Through dance, I learned how to grow self-confidence and creativity, which is so crucial in that middle school year where you’re like, “I hate myself and I hate the world and everything sucks.” But I had an amazing person who taught me, “It’s OK, you don’t hate yourself. You don’t hate the world. Sometimes things suck, but not all the time.”
It made me ask myself why I wanted to fit in. How boring would it be not to do this thing? People think, “That’s a little weird.” But I like this so much that I don’t care. It also made me ask myself why anyone would judge someone for something that brings so much joy.
Back in middle school, I wasn’t thinking of it in these liberatory terms, but I knew I was joyful and I knew in a lot of places I wasn’t. My high school was relatively homogeneous, and I’m disabled. I’m queer. I was queer and not out. Having this thing that could be mine, that I could feel joyful about and didn’t feel like I had to hide, was really powerful at that time.

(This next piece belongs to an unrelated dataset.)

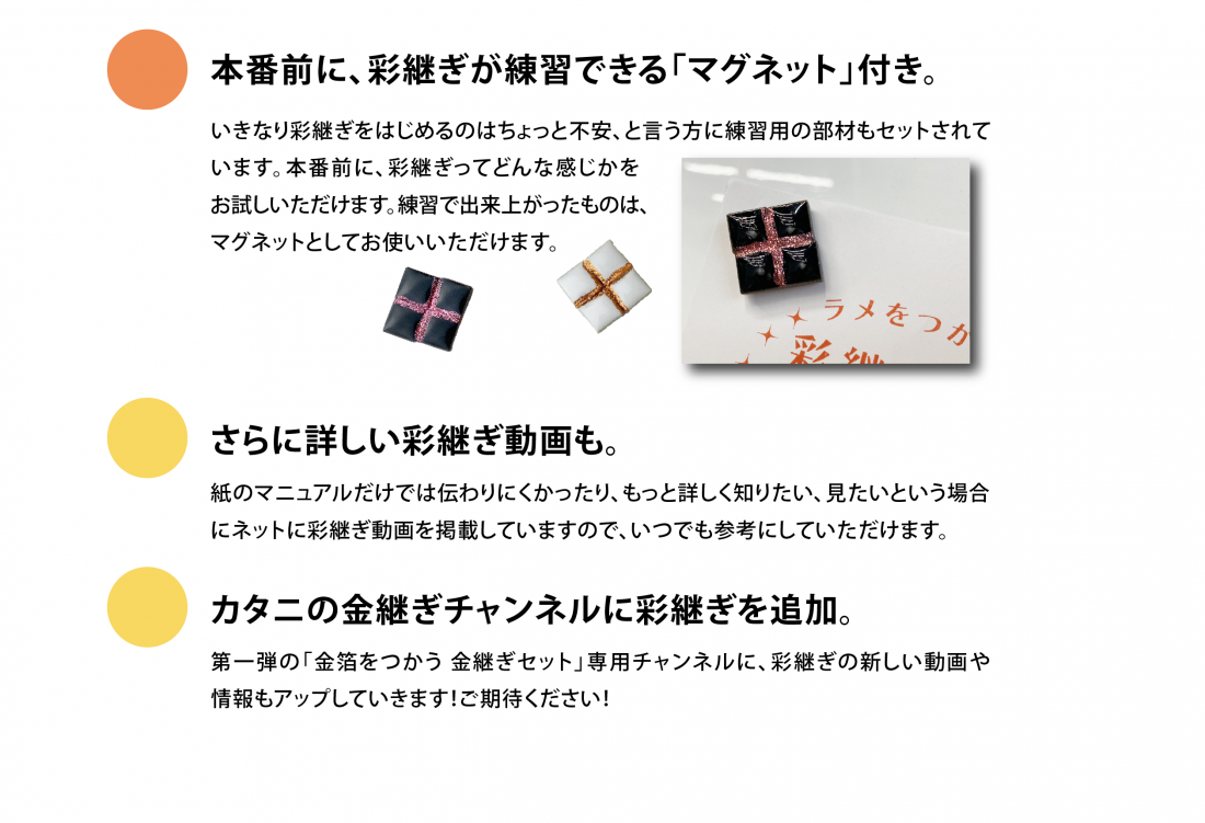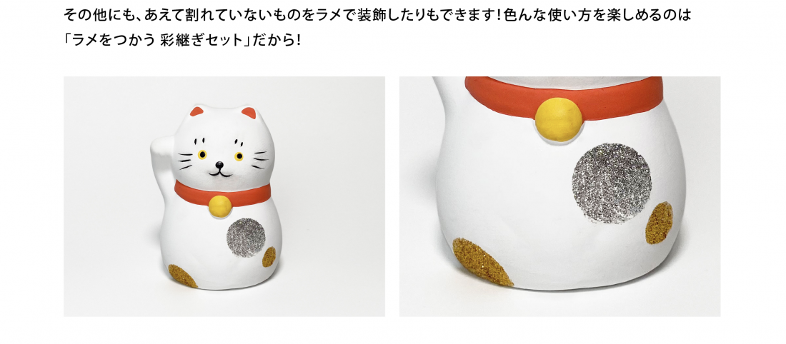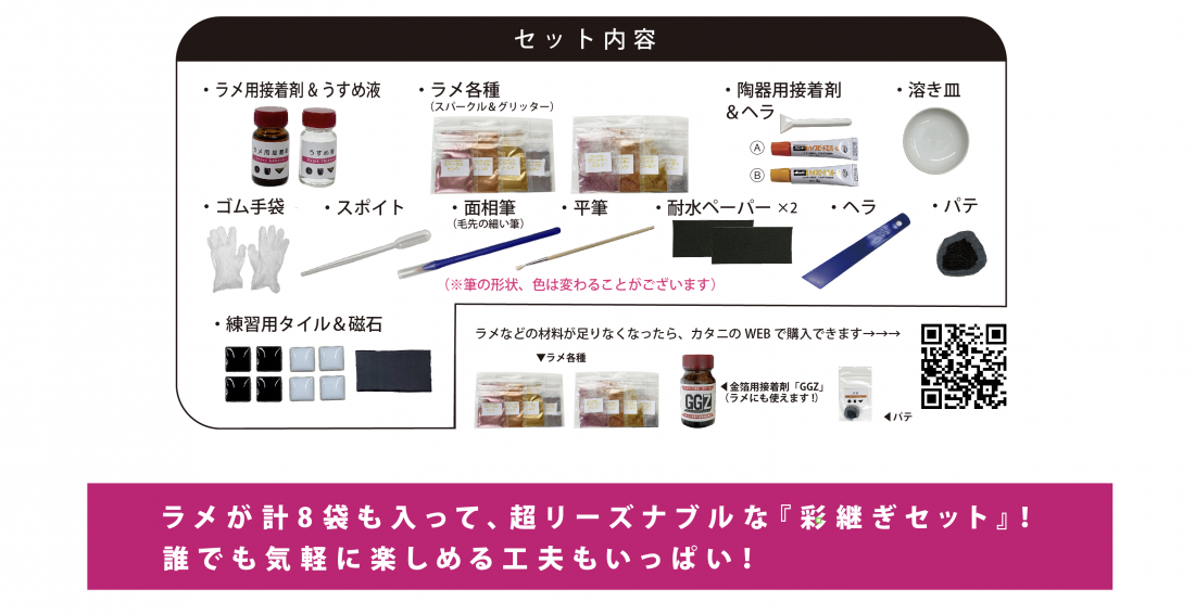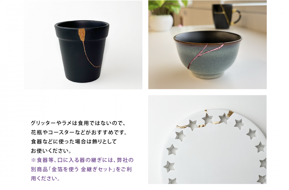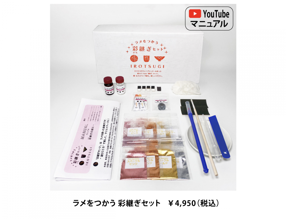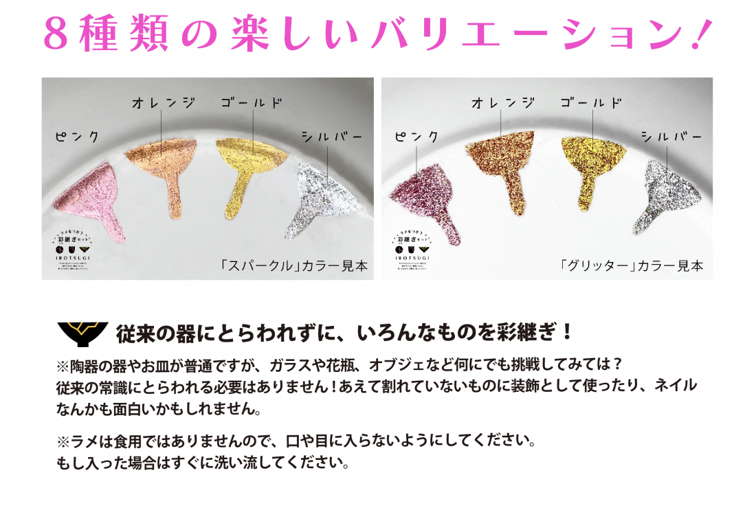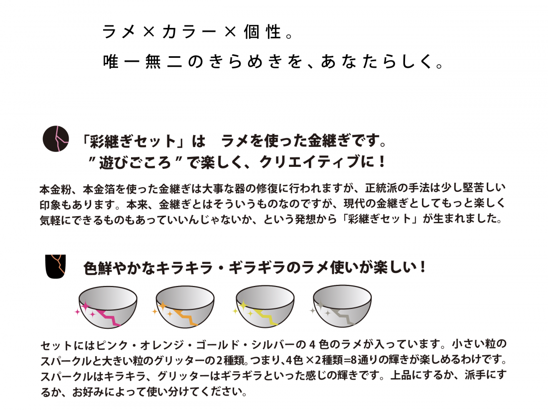 キラキラのラメ/グリッターを使った超カラフルな「継ぎ」セット。彩(いろどり)で継ぐ新しいクラフト。
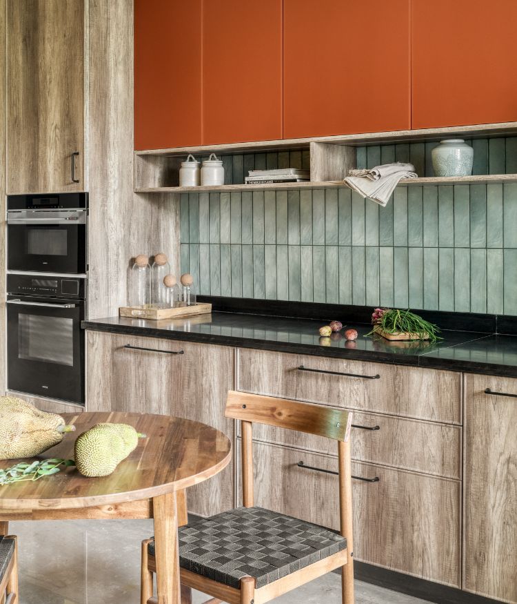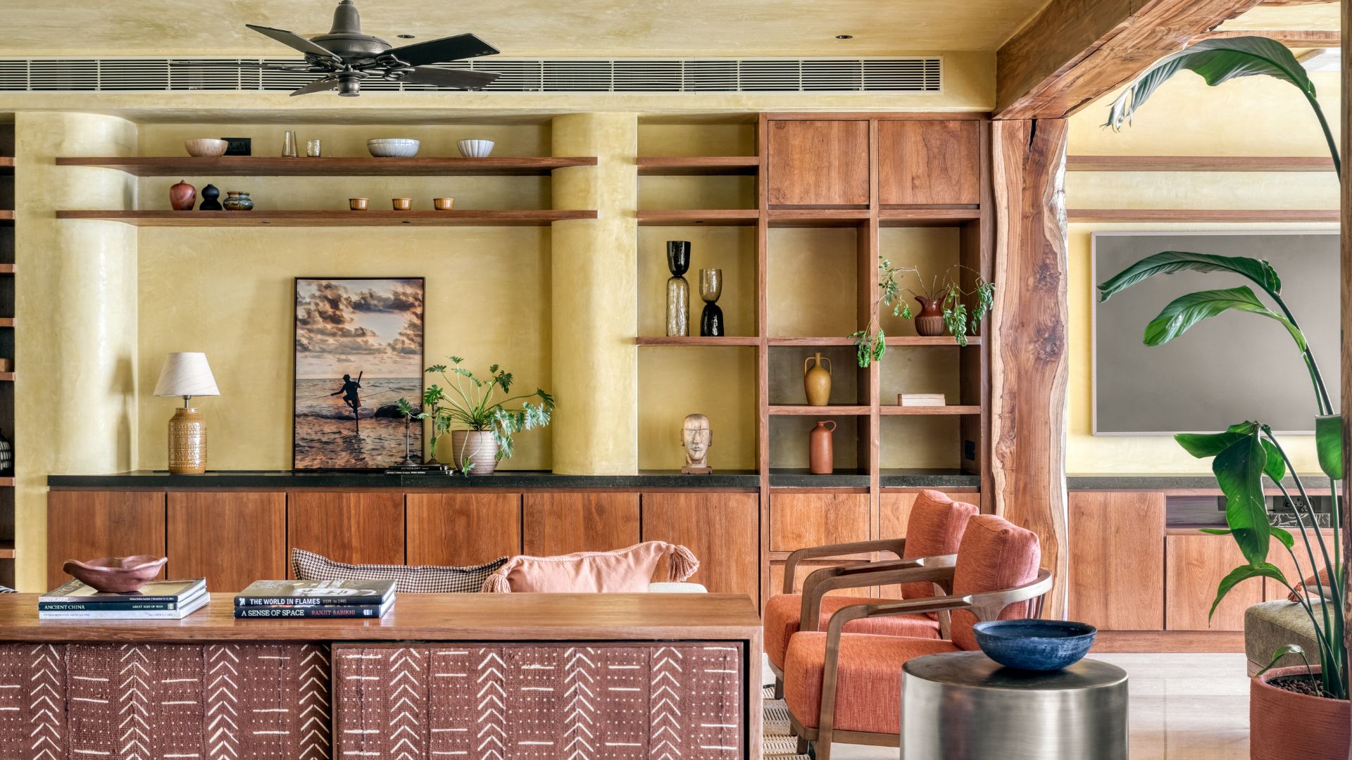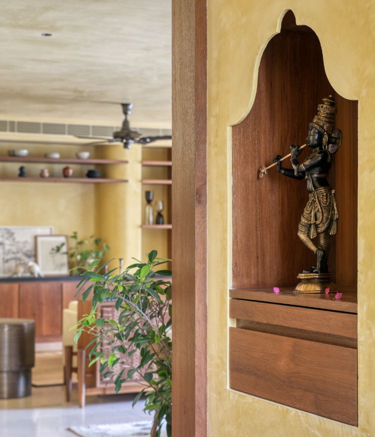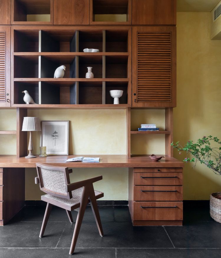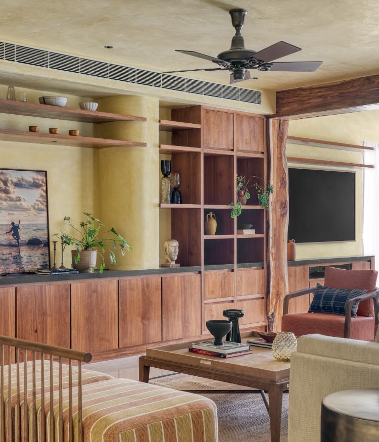 The living area opens up spaciously, with large west-facing openings letting in natural light. The space feels warm, thanks to the lemon-ochre lime-washed walls and ceiling. “We were particularly taken by the gradients it offered with its striated layers. Through conversations with the clients, the idea evolved into a material palette grounded in earthy finishes: lime plaster, reclaimed wood and natural veneer, all of which were repositories of rich gradients,” says Ninada and Komal. The living, family, and dining areas flow easily into one another, creating an open, connected space. A reclaimed wood frame leads into the family room, shaping it into a cosy corner for gatherings and moments to be spent in solitude. Beyond the living space, the dining area extends naturally, with black accents adding depth and contrast. The focus here is Kshitichitra, a centrepiece by Morii Design. Created in collaboration with artisan communities, it brings together elements of land, water and sky through Bela block prints from Kutch and Sujni embroidery from Bihar.

Now, as I’ve gotten older, I like sharing it with other people and teaching people that your body is not a bad thing. Your body is a joyful thing that you can move with and create these gorgeous illusions with, and you can move it in ways that feel good and strong and beautiful and delicate and handsome and whatever you want. Your body is not something to be hated, not something to be oppressed, not something to be controlled by others. It is yours. And when you hold control over it and feel joy in your body, your presence, your space? That is really, really powerful.